Run the entire script (not just the last line) to download and save the data. Use Ctrl+Shift+Enter to run all, or click Source in the top right of the RStudio editor pane.

Exercise 2.3: Check the data loaded correctly

Reload the package and inspect the dataset in the R console:

devtools::load_all()   # Ctrl+Shift+L
museum_visitors
dplyr::glimpse(museum_visitors)

What columns does the cleaned dataset have? Note down the column names — you will need them for the next exercise.

Exercise 2.4: Document the dataset

Data objects need their own documentation. By convention, create R/data.R by running in the R console:

usethis::use_r("data")

Write a roxygen2 documentation block for museum_visitors. Include:

  • A title and description
  • @format describing the data frame and each column
  • @source with the open data URL
  • The dataset name as a string at the end (not a function call)
NoteSolution

Write the following in R/data.R (an R script):

#' Monthly visitor counts for Munich museums
#'
#' Monthly visitor statistics for Munich's public museums, sourced from
#' Munich Open Data (Statistisches Amt München). Data covers all major
#' municipal museums with year-on-year comparison figures.
#'
#' @format A data frame with one row per museum per month:
#' \describe{
#'   \item{monatszahl}{Category label (always "Besucher*innen")}
#'   \item{auspraegung}{Museum name}
#'   \item{jahr}{Year}
#'   \item{monat}{Year-month code (YYYYMM format)}
#'   \item{wert}{Visitor count for that month}
#'   \item{vorjahreswert}{Visitor count in the same month of the prior year}
#'   \item{veraend_vormonat_prozent}{Percentage change vs. previous month}
#'   \item{veraend_vorjahresmonat_prozent}{Percentage change vs. same month prior year}
#'   \item{zwoelf_monate_mittelwert}{12-month rolling average}
#' }
#' @source Landeshauptstadt München (2017). Monatszahlen Museen.
#'   Statistisches Amt München.
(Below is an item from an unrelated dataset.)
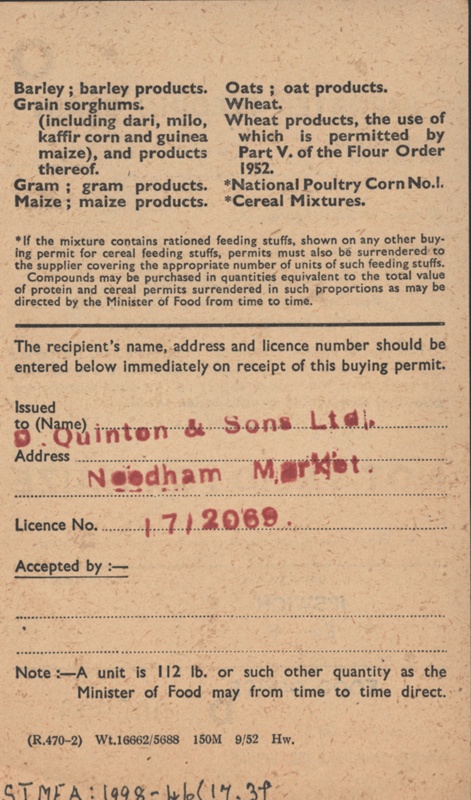 About this objectOne of seven Rationing Coupons issued by the Ministry of Food under the feeding stuffs (rationing) order 1949. Each constituting a traders buying permit and issued respectively in June and July 1953. This coupon is associated with imported feeding grain but not valid for maize.

Lizenz: Datenlizenz Deutschland
#'   Namensnennung 2.0 (dl-by-de).
#'   <https://datengartln.de/datasets/detail/bfb4a286-bea5-4bfe-82ce-b9bd354284a5/>
"museum_visitors"

Then run in the R console:

devtools::document()   # Ctrl+Shift+D
?museum_visitors       # check the rendered help page

Part 3: Add a Function

Exercise 3.1: Create the plot function

Create a new R file for the function by running in the R console:

usethis::use_r("plot_museums")

Write a function plot_museums() that produces a line chart of monthly visitor counts, with one line per museum (auspraegung), using the museum_visitors dataset that is bundled with the package.

Tip

Use ggplot2:: prefixes throughout — never library(ggplot2) inside a package. Declare all dependencies in the R console:

usethis::use_package("ggplot2")
usethis::use_package("dplyr")
usethis::use_package("scales")
NoteSolution

Write the following in R/plot_museums.R (an R script):

#' Annual visitor counts per Munich museum
#'
#' Plots annual visitor totals for each museum in the bundled
#' `museum_visitors` dataset, using the yearly summary rows
#' (where `monat == "Summe"`).
#'
#' @return A `ggplot2` plot object.
#' @export
#' @examples
#' plot_museums()
plot_museums <- function() {
  museum_visitors |>
    dplyr::filter(
      monat == "Summe"
    ) |>
    ggplot2::ggplot(ggplot2::aes(x = jahr, y = wert, colour = auspraegung)) +
    ggplot2::geom_line() +
    ggplot2::labs(x = "Year", y = "Visitors", colour = "Museum") +
    ggplot2::ggtitle("Annual Visitors to Museums in Munich") +
    ggplot2::scale_y_continuous(labels = scales::label_number())
}

You will also need to declare dplyr and scales as dependencies. Run in the R console:

usethis::use_package("dplyr")
usethis::use_package("scales")

And add the variable names used in the function to R/utils.R:

utils::globalVariables(c("museum_visitors", "monat", "wert", "auspraegung", "jahr"))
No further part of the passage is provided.